---- Records provided
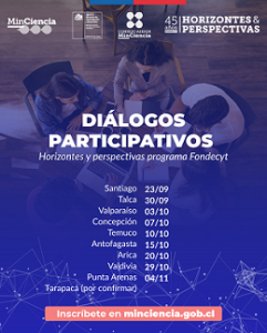 • MinCiencia y ANID inician diálogos participativos en diez regiones del país para proyectar el programa más emblemático del sistema científico nacional. En la región de Antofagasta, el encuentro se realizará este miércoles 15 de octubre en el Primer Tribunal Ambiental de Antofagasta.
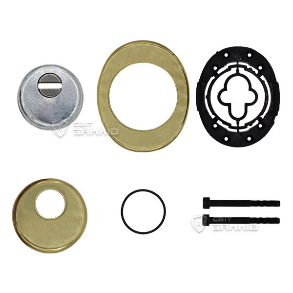 Давно следовало заменить броненакладки на входную дверь. Выбрал Аззи за круглую форму, врезной тип монтажа, т.к. считаю его самым надежным. В установке имею опыт, поэтому занимался этим делом самостоятельно.
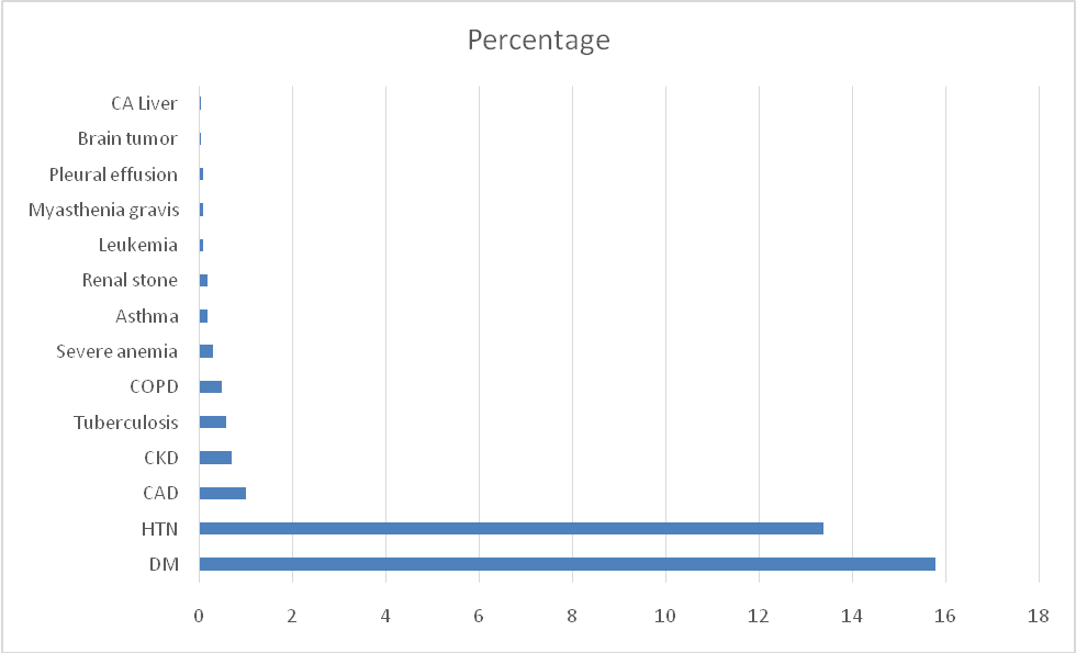 In present study, diabetes mellitus, 370(15.8%) was the most common comorbidity, followed by hypertension 314(13.4%). Comorbidities that were very uncommon were leukemia, myasthenia gravis, pleural effusion 2(0.1%) each and brain tumor and carcinoma liver 1(0.4%) each fig. 3.
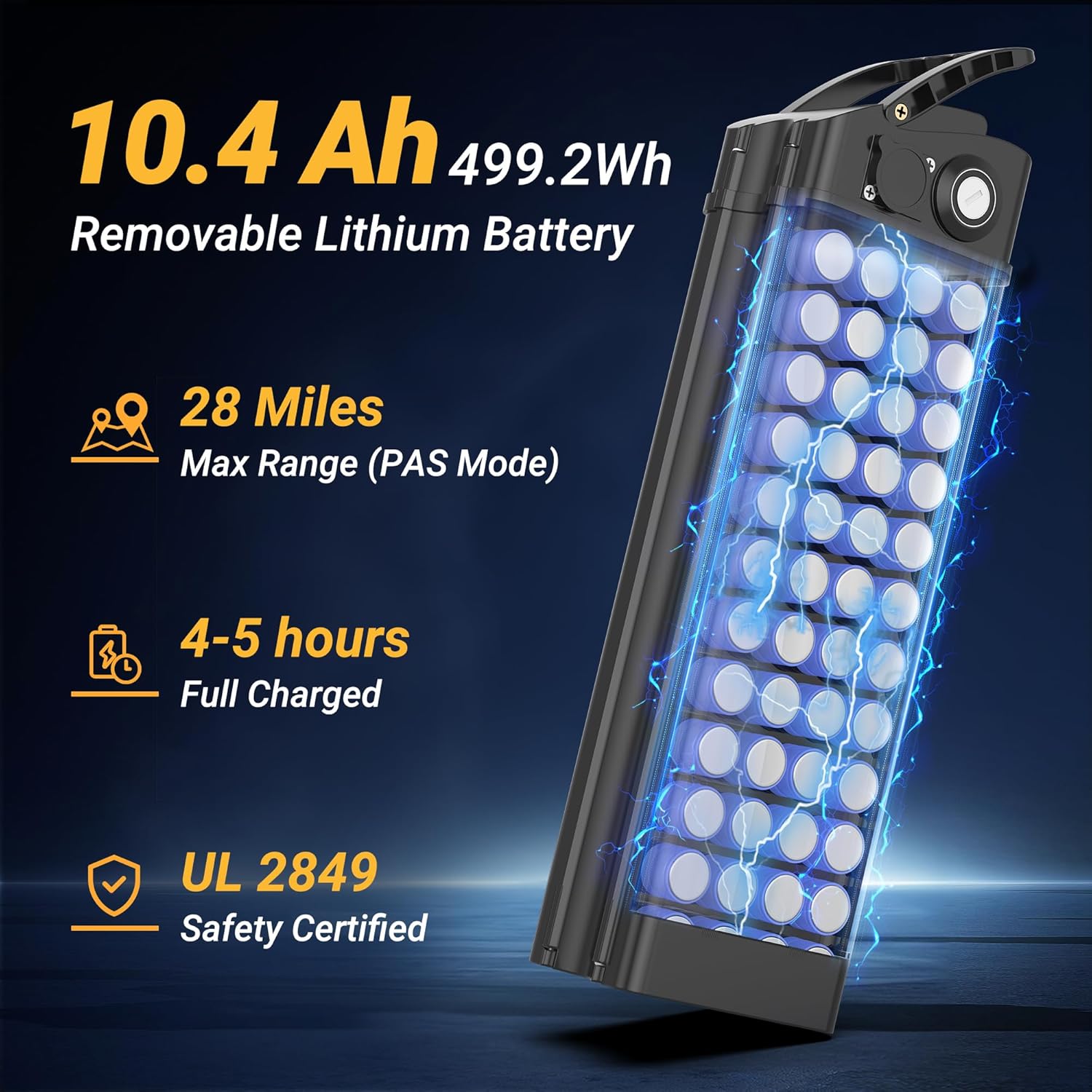 - __ Long Range Battery: Equipped with a 48V, 10.4Ah removable battery (total capacity of 499.2Wh), the F1 offers up to 21-28 miles per charge in pure electric mode. This e bike is perfect for long-distance commutes or outdoor adventures, ensuring you stay powered up throughout the day.
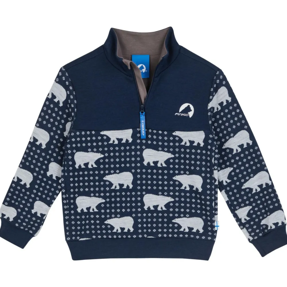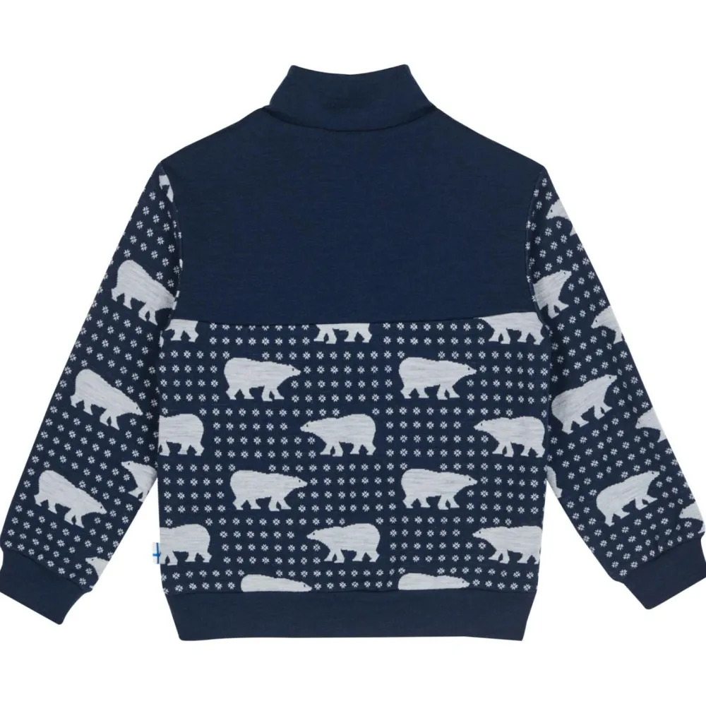 Die Kombination aus weicher Baumwolle, widerstandsfähiger Kunstfaser und wärmender Wolle macht diesen Pullover zu einem echten Allrounder. Die Materialien sind nicht nur angenehm auf der Haut, sondern auch atmungsaktiv und temperaturregulierend – ideal für aktive Kinder, die sich gerne bewegen. Das nordische Bärenmuster bringt einen Hauch von Finnland in den Alltag Deines Kindes.
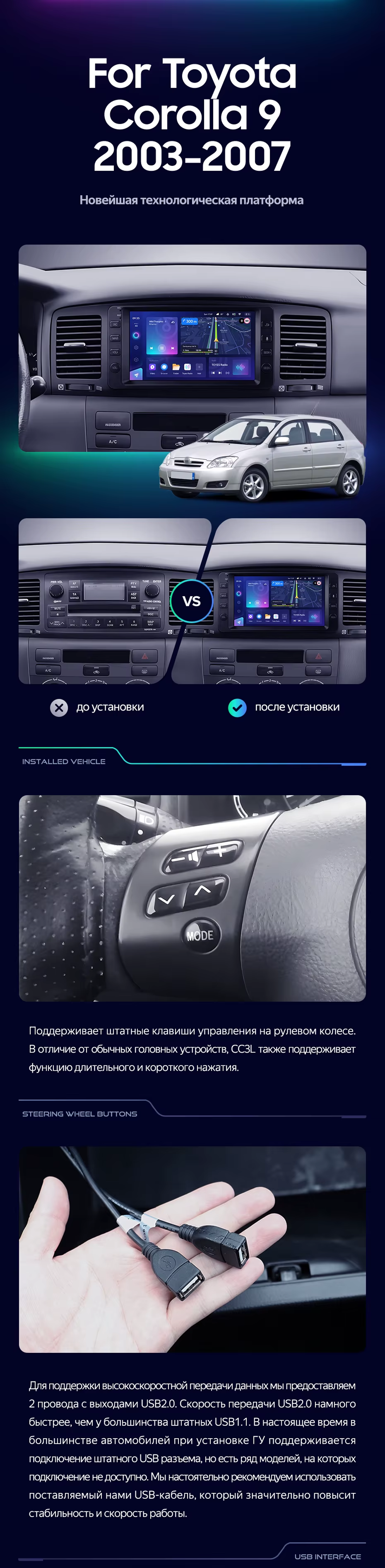 Штатная магнитола Teyes CC3 4/32 Toyota Corolla 9 E120 E130 (2003-2007) 7" - купить всего за 32 500 руб. в интернет-магазине в Барнауле Teyes.com.ru. ✓ Самый лучший выбор мультимедиа ✓ Лучшая замена штатному ГУ ✓ Тел. +7 (800) 775-31-74
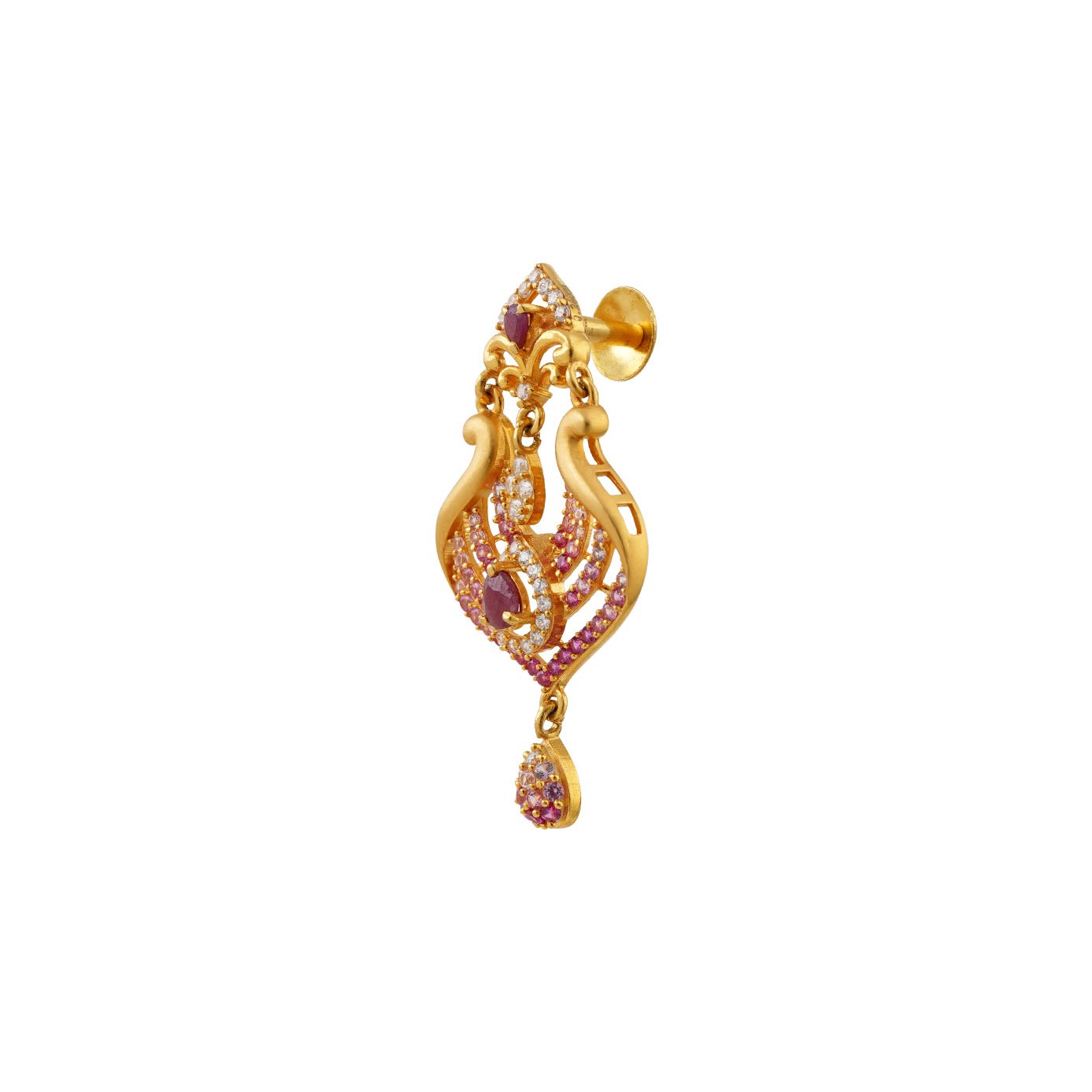 "Indulge in the regal beauty of our casting Chandhbali earrings, adorned with a mesmerizing array of red and zircon stones in various shades. These exquisite earrings are a celebration of opulence and style, adding a touch of grandeur to any ensemble. Elevate your look with the rich and captivating hues of these statement earrings."
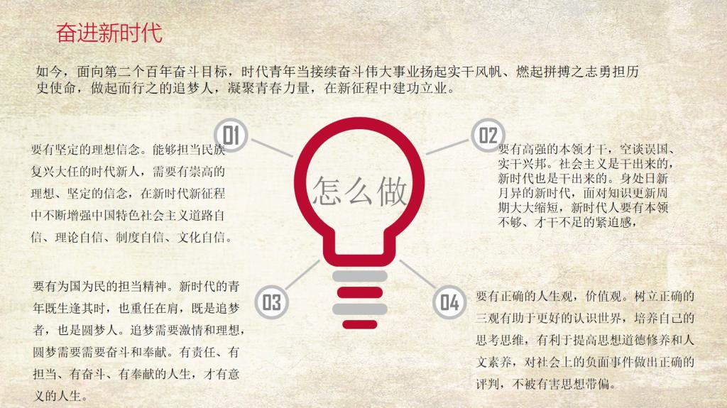 第三项,奋进新征程。面向第二个百年奋斗目标,时代青年当接续奋斗伟大事业扬起实干风帆、燃起拼搏之志勇担历史使命,做起而行之的追梦人,凝聚青春力量,在新征程中建功立业。新时代青年人,要有坚定的理想信念;要有高强的本领才干,空谈误国、实干兴邦;要有为国为民的担当精神;要有正确的人生观、价值观。
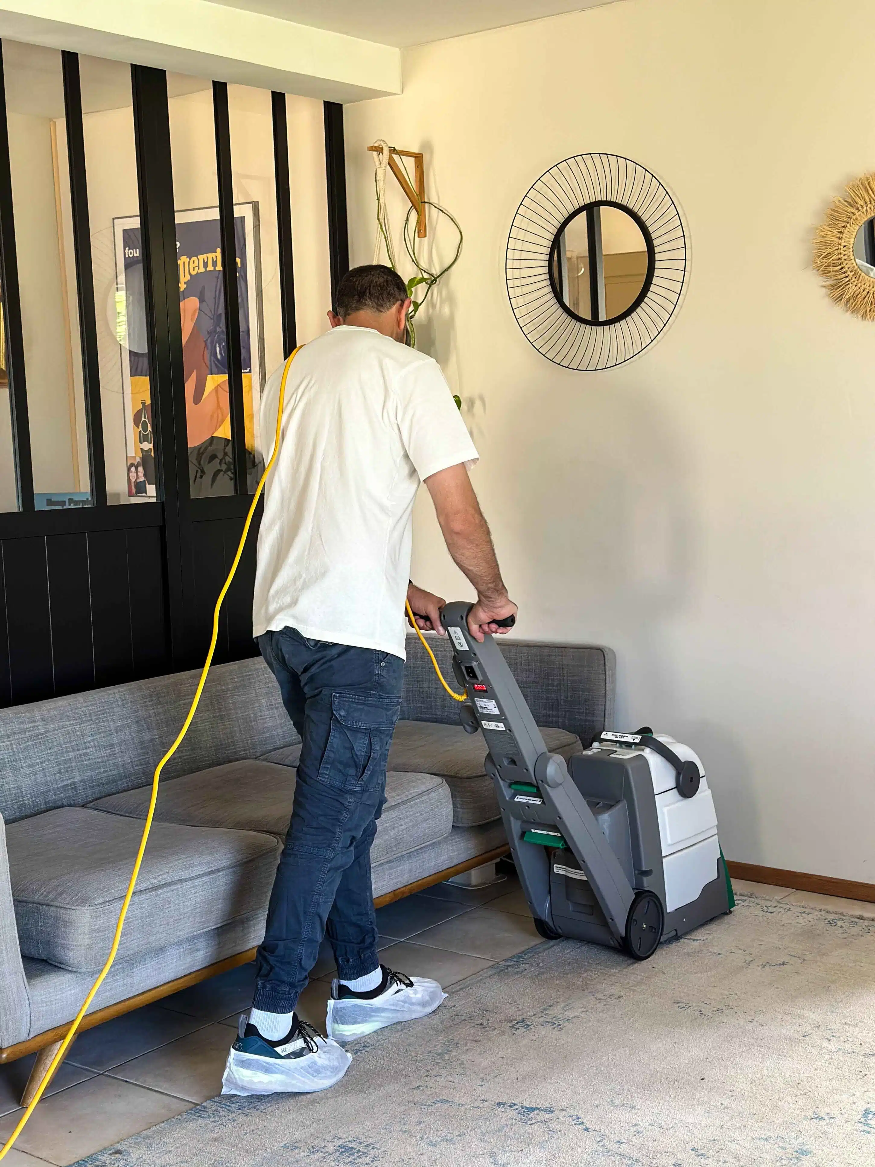 (injection-extraction, monobrosse) pour nettoyer en profondeur tout en respectant la structure des fibres.
--------
Word for word, set down each record shown above, omitting the pictures.

 • MinCiencia y ANID inician diálogos participativos en diez regiones del país para proyectar el programa más emblemático del sistema científico nacional. En la región de Antofagasta, el encuentro se realizará este miércoles 15 de octubre en el Primer Tribunal Ambiental de Antofagasta.
 Давно следовало заменить броненакладки на входную дверь. Выбрал Аззи за круглую форму, врезной тип монтажа, т.к. считаю его самым надежным. В установке имею опыт, поэтому занимался этим делом самостоятельно.
 In present study, diabetes mellitus, 370(15.8%) was the most common comorbidity, followed by hypertension 314(13.4%). Comorbidities that were very uncommon were leukemia, myasthenia gravis, pleural effusion 2(0.1%) each and brain tumor and carcinoma liver 1(0.4%) each fig. 3.
 - __ Long Range Battery: Equipped with a 48V, 10.4Ah removable battery (total capacity of 499.2Wh), the F1 offers up to 21-28 miles per charge in pure electric mode. This e bike is perfect for long-distance commutes or outdoor adventures, ensuring you stay powered up throughout the day.
 Die Kombination aus weicher Baumwolle, widerstandsfähiger Kunstfaser und wärmender Wolle macht diesen Pullover zu einem echten Allrounder. Die Materialien sind nicht nur angenehm auf der Haut, sondern auch atmungsaktiv und temperaturregulierend – ideal für aktive Kinder, die sich gerne bewegen. Das nordische Bärenmuster bringt einen Hauch von Finnland in den Alltag Deines Kindes.
 Штатная магнитола Teyes CC3 4/32 Toyota Corolla 9 E120 E130 (2003-2007) 7" - купить всего за 32 500 руб. в интернет-магазине в Барнауле Teyes.com.ru. ✓ Самый лучший выбор мультимедиа ✓ Лучшая замена штатному ГУ ✓ Тел. +7 (800) 775-31-74
 "Indulge in the regal beauty of our casting Chandhbali earrings, adorned with a mesmerizing array of red and zircon stones in various shades. These exquisite earrings are a celebration of opulence and style, adding a touch of grandeur to any ensemble. Elevate your look with the rich and captivating hues of these statement earrings."
 第三项,奋进新征程。面向第二个百年奋斗目标,时代青年当接续奋斗伟大事业扬起实干风帆、燃起拼搏之志勇担历史使命,做起而行之的追梦人,凝聚青春力量,在新征程中建功立业。新时代青年人,要有坚定的理想信念;要有高强的本领才干,空谈误国、实干兴邦;要有为国为民的担当精神;要有正确的人生观、价值观。
 (injection-extraction, monobrosse) pour nettoyer en profondeur tout en respectant la structure des fibres.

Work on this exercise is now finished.